Church of Jesus Christ of Latter-day Saints Settles With SEC Over ‘Clone LLCs’

The regulator said that Ensign Peak Advisors, which manages investments for the church, had worked for nearly two decades to obfuscate the size of the organization’s equity portfolio.

Illustration by II

Illustration by II

The Church of Jesus Christ of Latter-day Saints, together with Ensign Peak Advisors, an entity that manages assets for the church, have settled charges filed by the Securities and Exchange Commission over their efforts to cloud the size of the church’s massive equity portfolio.

Ensign Peak and the church agreed to pay $4 million and $1 million in penalties, respectively, to settle the claims against them, the SEC said in an announcement on Tuesday.

“We allege that the LDS Church’s investment manager, with the church’s knowledge, went to great lengths to avoid disclosing the church’s investments, depriving the commission and the investing public of accurate market information. The requirement to file timely and accurate information on Forms 13F applies to all institutional investment managers, including non-profit and charitable organizations,” Gurbir Grewal, director of the SEC’s division of enforcement at the SEC, said in a statement.

The SEC alleged that from 1997 to 2019, the church and Ensign Peak were worried about any negative consequences of disclosing the size of their equity portfolio, which had grown to $32 billion in 2018. To obfuscate the amount, the SEC said that Ensign Peak created 13 shell companies and filed 13F forms for each of them, rather than for itself. The “Clone LLCs” were controlled by Ensign Peak, which told company business managers, most of whom were employed by the church, to sign regulatory filings, according to the SEC. In 13F filings, the companies, which were located through the U.S., stated that they were solely in charge of investment and voting decisions related to securities.

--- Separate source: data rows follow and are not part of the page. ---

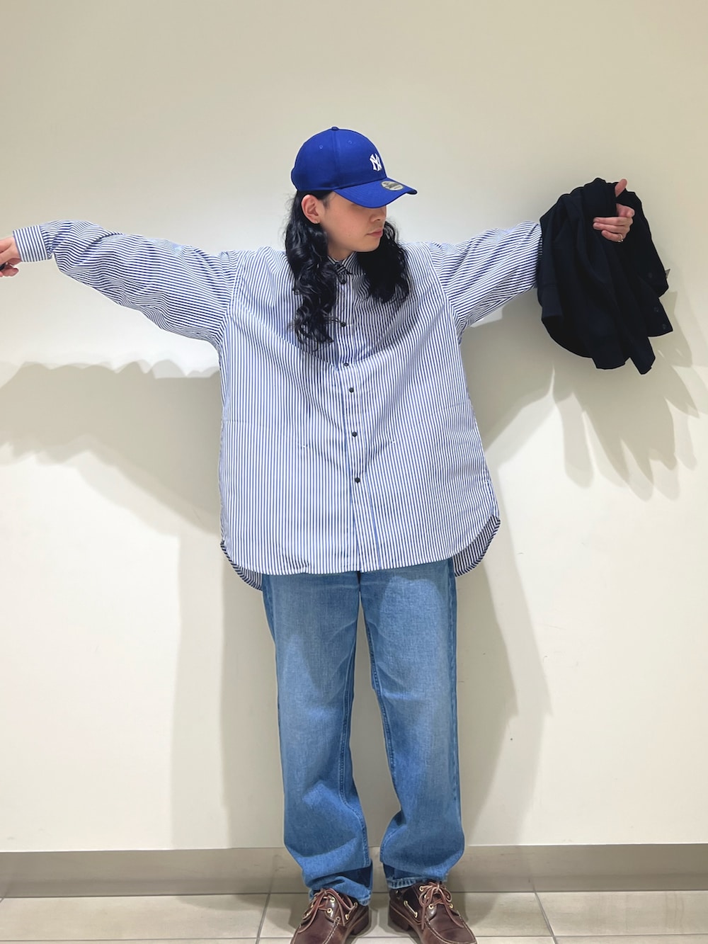 ストライプシャツの上からスウェットカーディガンを羽織ってシャツをチラ見せ。
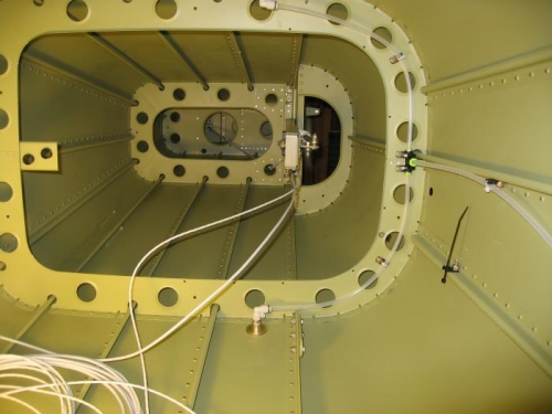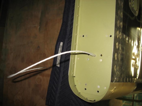Took a long time pondering how I should run the wire for the aft nav lights. I decided to use a piece of static tubing as conduit from aft of the elevator trim mount. I also decided to drill a hole through the aft tie-down mount near the top so that there's no chance of interfering with the tie down ring. That was a lot of material to drill through especially with the vertical stabilizer mounted. This comes out below the bottom rudder mount bracket but above the top edge of the rudder bottom fiberglass.
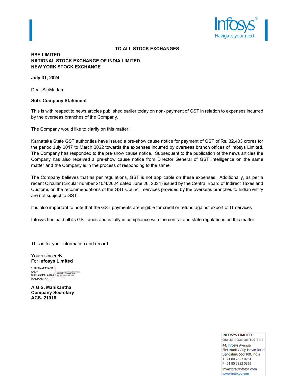 Infosys Limited, a company organized under the laws of the Republic of India ("Infosys", or the "Company"), hereby furnishes with the United States Securities and Exchange Commission this Report on Form 6-K regarding the intimation dated July 31, 2024 pertaining to news articles published on July 31, 2024 on non- payment of GST in relation to expenses incurred by the overseas branches of the Company.
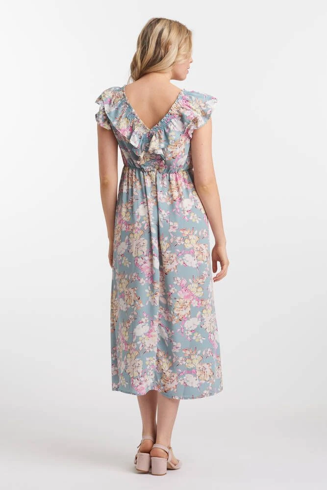 Naisten nilkkapituinen kukkamekko, jonka pääntiellä on ihanat röyhelöt sekä solmittavat nauhat.
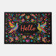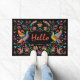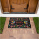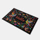 Personalice y dé la bienvenida a esta invitada única con este Doormat mexicano-otomí "One of a Kind". Impresión otomí mexicana con pájaros y flores en vivos colores vivos y vivos...en un fondo negro!
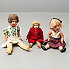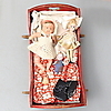 Käyttökuluma, pieniä vaurioita, punaisella mekolla varustetun nuken poskessa reikä ja vasen käsi puuttuu.
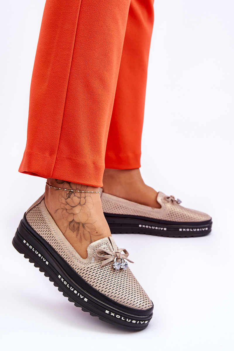 Trampki Damskie Wsuwane Skóra Błyszczące Złote Raven
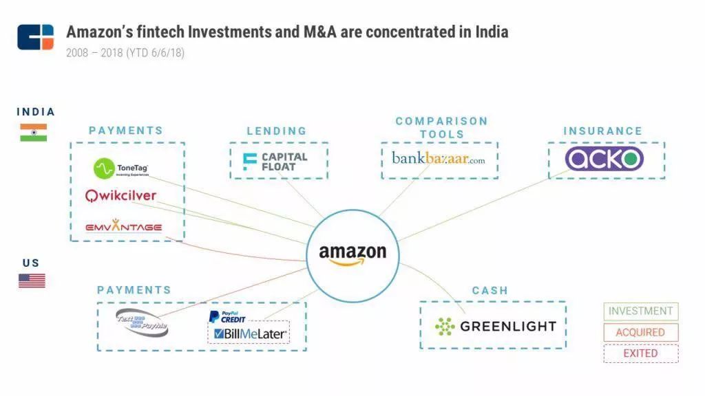 Amazon 金融科技领域投资与并购 图片来自CB Insights,版权属于原作者
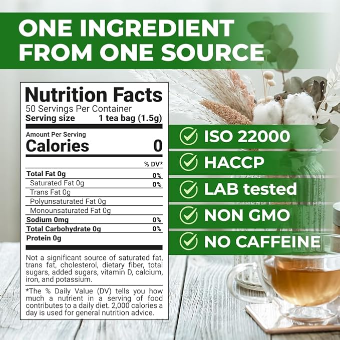 50 Bags Broadleaf Plantain Leaf Herb Tea (Plantago Majoris Folia) Plantain Leaves Tea - 50 Count 1.5 g Bags Llanten
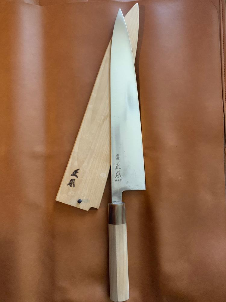 | Wa Gyuto 270mm (10.6") Cutting edge length: 285mm Total Length: 440mm Blade Thickness: 3mm Blade Width: 53mm Handle Length: 142mm Total Weight: 206g |
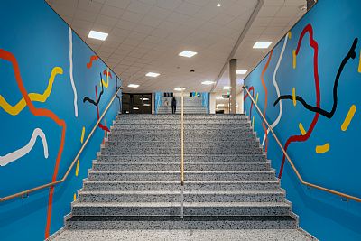 Bygningens åbenhed mod gaden betyder, at aktivitetshusets indre bliver en integreret del af bydelens offentlige rum. Her vil folk færdes sig i store dele af døgnet. En store, centrale trappe er aktivitetshusets rygrad, der fører op gennem bygningen. Rum, der om dagen er dedikeret til elevernes gruppearbejde, bliver om aftenen stedet for foredrag og møder. Billedkunst-, tekstil- og musiklokaler byder velkommen til kulturskole og studiekredse. Mellemetagens opholdsrum bliver et mødested for kulturskole og sportsforeninger. I hjertet af bygningen indtager kulturrummet en central plads. Det er designet til at byde velkommen til gæsteforestillinger fra Riksteatern og andre aktører. Her findes skolens arena for musik- og danseoptrædener samt en række foredrag og præsentationer.
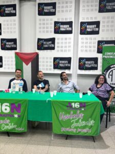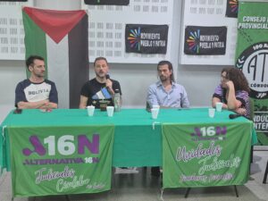 El jueves 9 de octubre en el local de ATE, se realizó el Conversatorio Sindical organizado por la agrupación antiburocrática Alternativa 16N del Gremio de Judiciales de Córdoba. Es la segunda actividad de formación que realiza esta agrupación, en esta oportunidad, en medio del proceso de elección de delegados y delegadas en la Asociación Gremial de Empleados y Empleadas del Poder Judicial de Córdoba (AGEPJ-CGT).
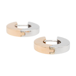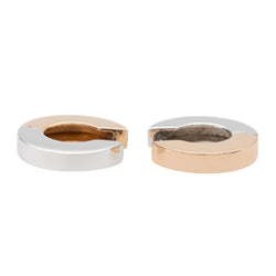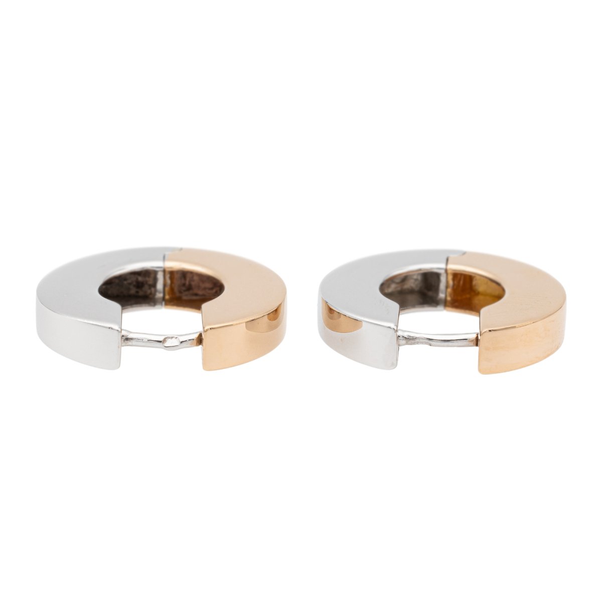 Créoles en or rose et blanc 750 millièmes (18 carats). fil carré. diamètre: 1.73 cm. largeur: 0.36 cm. poids total: 7.77 g. poinçon tête d’aigle. excellent état
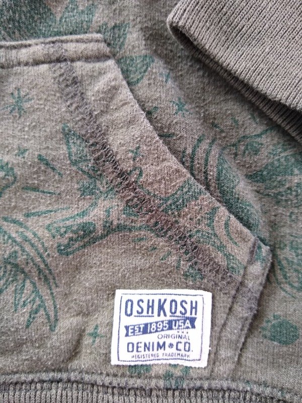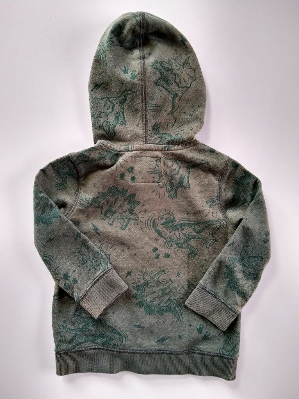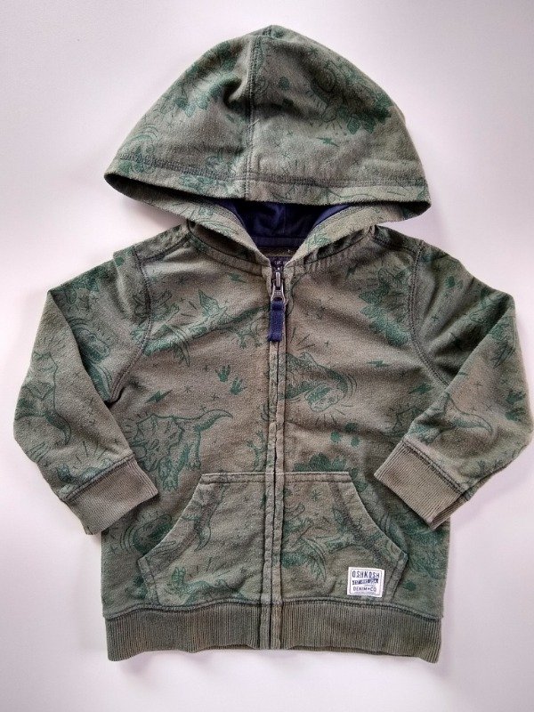 Campera de algodón verde musgo estampado, con capucha y bolsillos canguro. Talle 12-18 meses. Medidas: ancho de hombro 25,5 cm, largo manga 29 cm, largo total 37 cm. USADO

The Church of Jesus Christ of Latter-day Saints is headquartered in Salt Lake City and has over 16 million members in more than 30,000 congregations across 160 countries.

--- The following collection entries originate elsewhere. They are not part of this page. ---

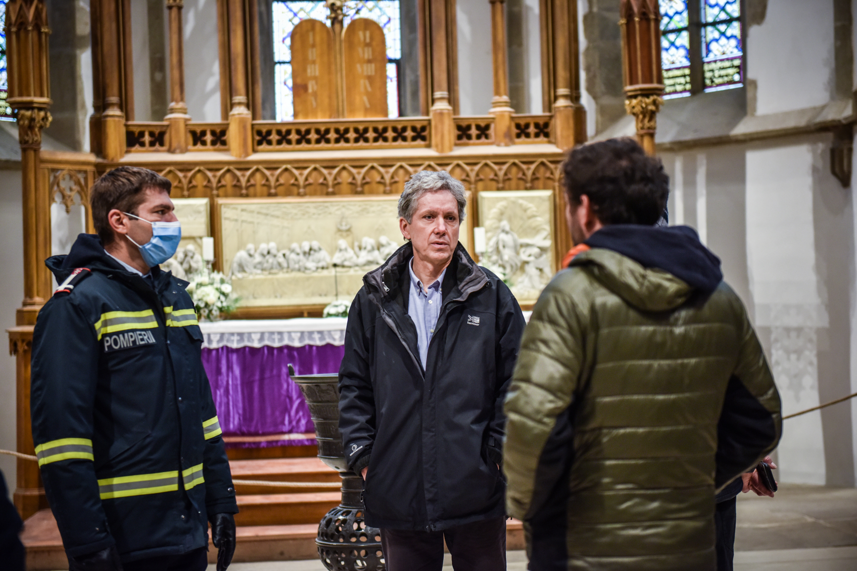 Al doilea aspect a fost acela că am vrut să lăsăm ceva pentru cercetarea arheologică a anilor sau secolelor care o să vină, când oamenii o să aibă probabil metode mai elaborate decât le avem acum, mai non-distructive de a cerceta. Este singurul mormânt care a rămas intact în biserică. Toate celelalte au fost golite și transmutate în cimitirul bisericesc de atunci, care e acum sub spitalul municipal. De aceea am zis că a mai rămas unul singur și este evident că este a baronului Brukenthal: arheologii ne-au explicat că el se află un pic mai sus decât celelalte; baronul Brukenthal a fost ultimul înmormântat acolo și înălțimea pardoselii corespunde cu acest mormânt din acest timp. Deci, arheologii au spus 100% că este foarte clar acest lucru, dar și după acte în tot este așa. Poate generațiile viitoare vor avea mai bune posibilități și dorim să le lăsăm ceva.
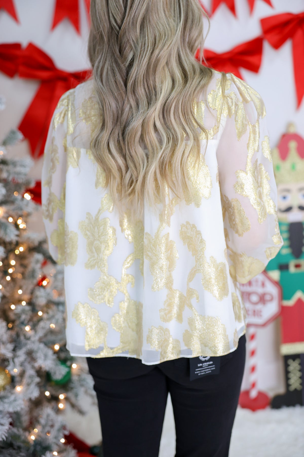 Elevate your everyday style with this stunning metallic jacquard chiffon blouse featuring an elegant bow detail. The luxe fabric shimmers with cream and gold tones, creating an eye-catching look that transitions seamlessly from office to evening. The charming bow adds a touch of feminine flair and playful sophistication. Perfect for dressing up basics or layering over your favorite pieces, this blouse is a versatile wardrobe essential that brings instant glamour to any outfit.
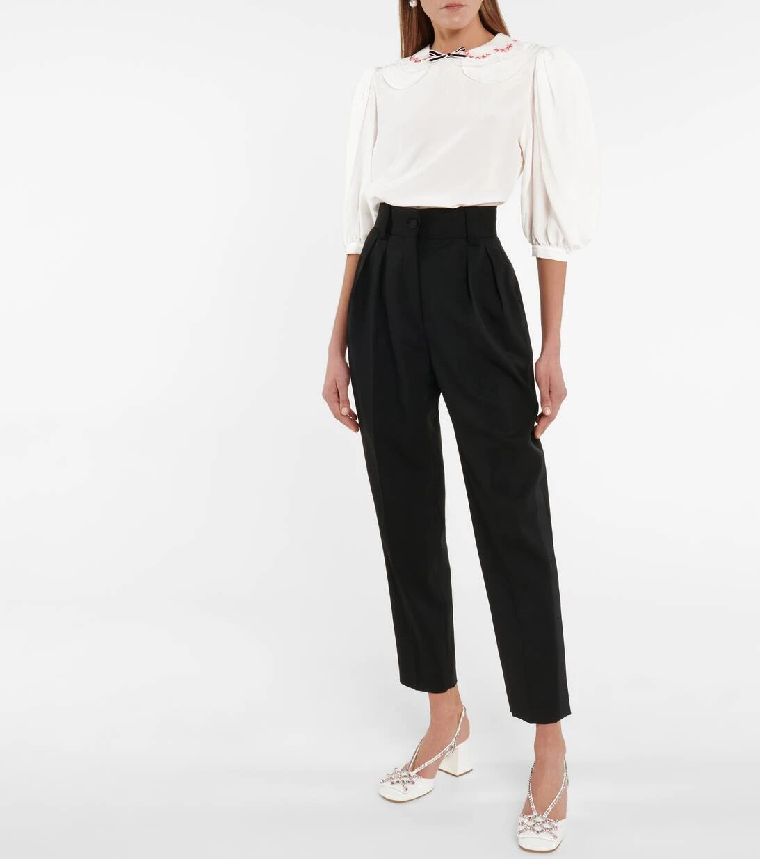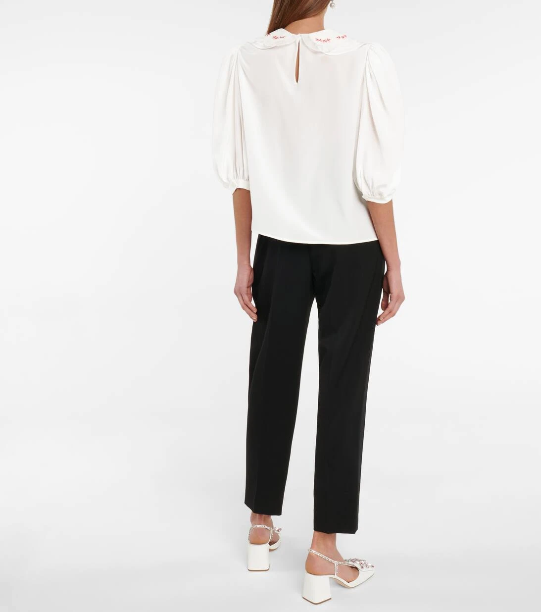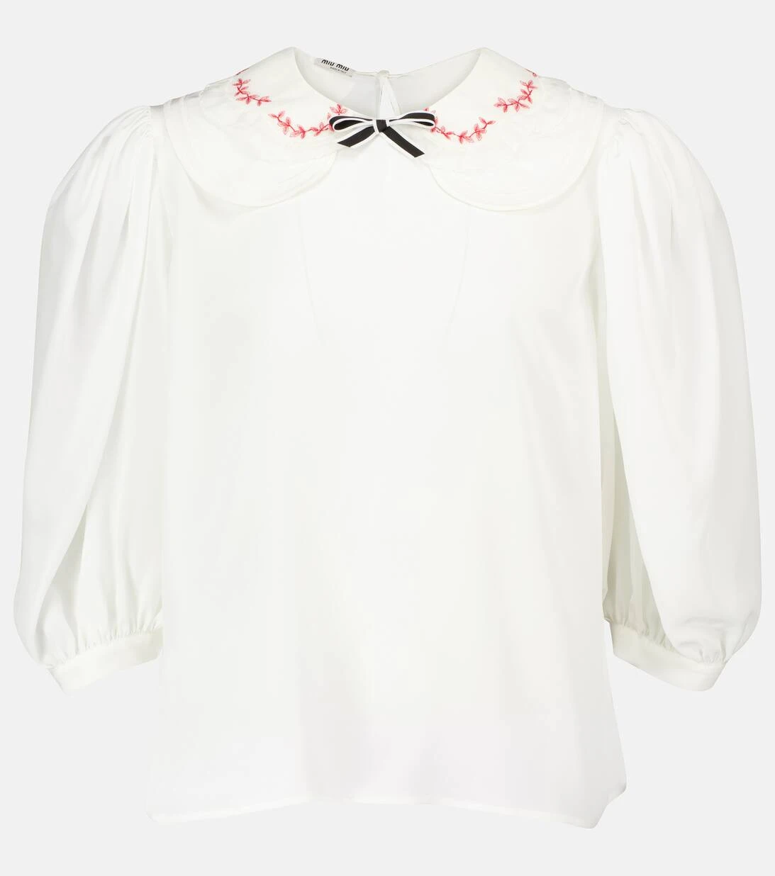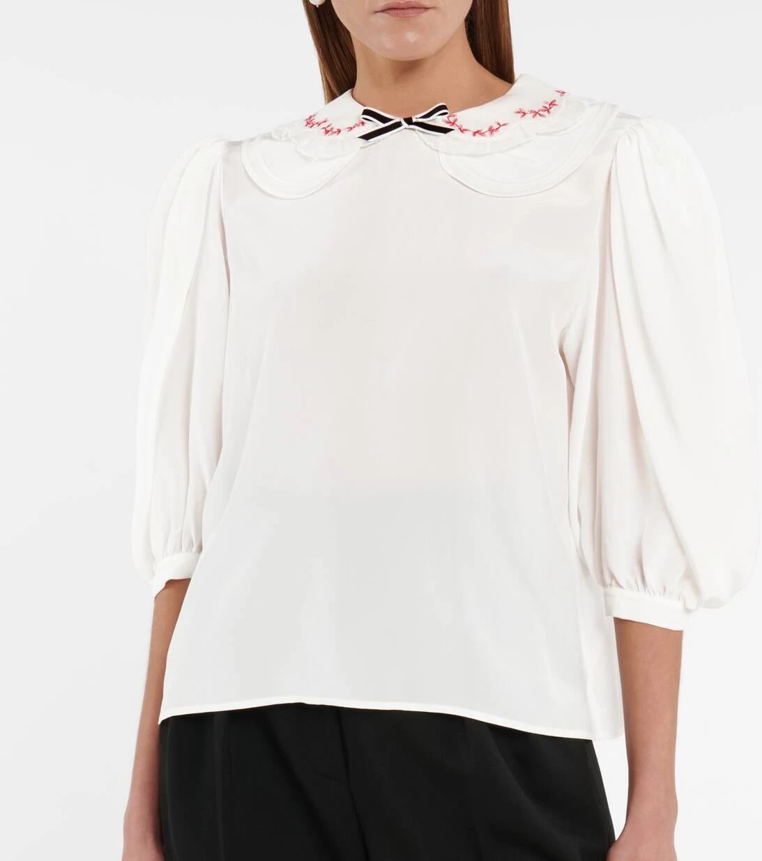 Edle Tops gehören zu den Designs, die uns das ganze Jahr über begleiten: Während Sie im Sommer als Alleingänger fungieren, funktionieren Sie an kalten Tagen als Teamplayer im Layering-Look zu edlen Cardigans oder Pullovern genauso gut. Das weiße Modell von Miu Miu wurde in Italien aus reinem Crêpe de Chine aus Seide gefertigt und zeigt sich in labeltypischer Manier samt verkürzten Ballonärmeln und einem verspielten Bubikragen. Stecken Sie den Style in einen eleganten Rock ein.

Ensign Peak, which was created in 1997 and is also headquartered in Salt Lake City, is governed by a board of trustees that includes members of the church’s presiding bishopric and the managing director, who is appointed by the church’s first presidency and reports to the senior leadership of the church, according to an administrative filing by the SEC.

Sponsored

The portfolio managed by Ensign Peak consists of what the church calls “reserve funds,” which include U.S. equity and debt securities purchased with excess tithing, income and returns generated by Ensign Peak, and other church assets. Ensign Peak does not charge the church management fees, and it is exempt from registration as an investment adviser because it is a charitable organization, or one that also solely advises other charitable organizations.

At its inception in 1997, Ensign Peak managed approximately $7 billion of the church’s assets, and a significant percentage of those assets should have been reported, the SEC said. By 2020, the portfolio had grown to $37.8 billion. In 2019, a former employee revealed that the church’s total investment portfolio had grown to more than $100 billion, making it one of the largest institutional investors in the country, according to a 2020 report by the Wall Street Journal.

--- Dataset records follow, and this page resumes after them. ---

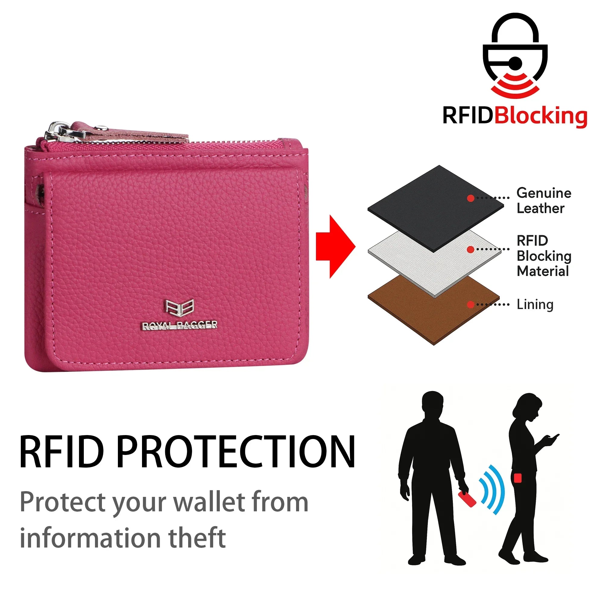 Royal Bagger Genuine Leather Women's Coin Purse - RFID Blocking Small Wallet, Casual Zipper Change Pouch for Daily Use 3200
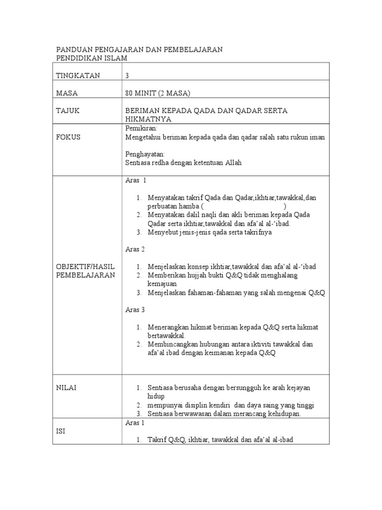 3 1 Memahami Dan Meyakini Konsep Beriman Kepada Qada Dan Qadar Pendidikan Islam Kssr
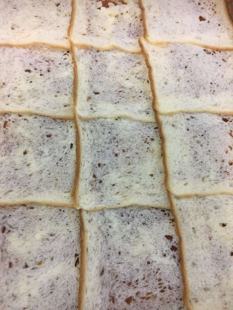▼將切成薄片的吐司片排開,真令人佩服的五體投地。
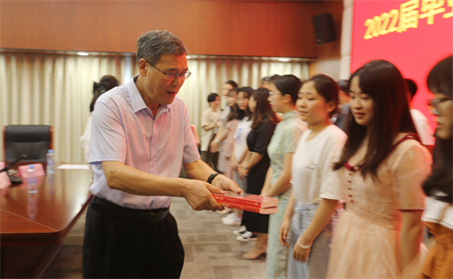 会后,校领导向毕业生代表赠送了《习近平与大学生朋友们》《信仰的力量》两本书籍,并合影留念。

Section 13(f) and Rule 13f-1 of the Exchange Act require that institutional investment managers file Forms 13F with the SEC on a quarterly basis if they have discretion over $100 million in securities or more.

There are ongoing debates over who should be required to file 13F forms and the utility of the filings. In 2020, the SEC proposed rules that would reduce the number of institutions making 13F disclosures by about 90 percent. A year later, the regulator floated changes that would increase the number of institutions that would have to file the forms.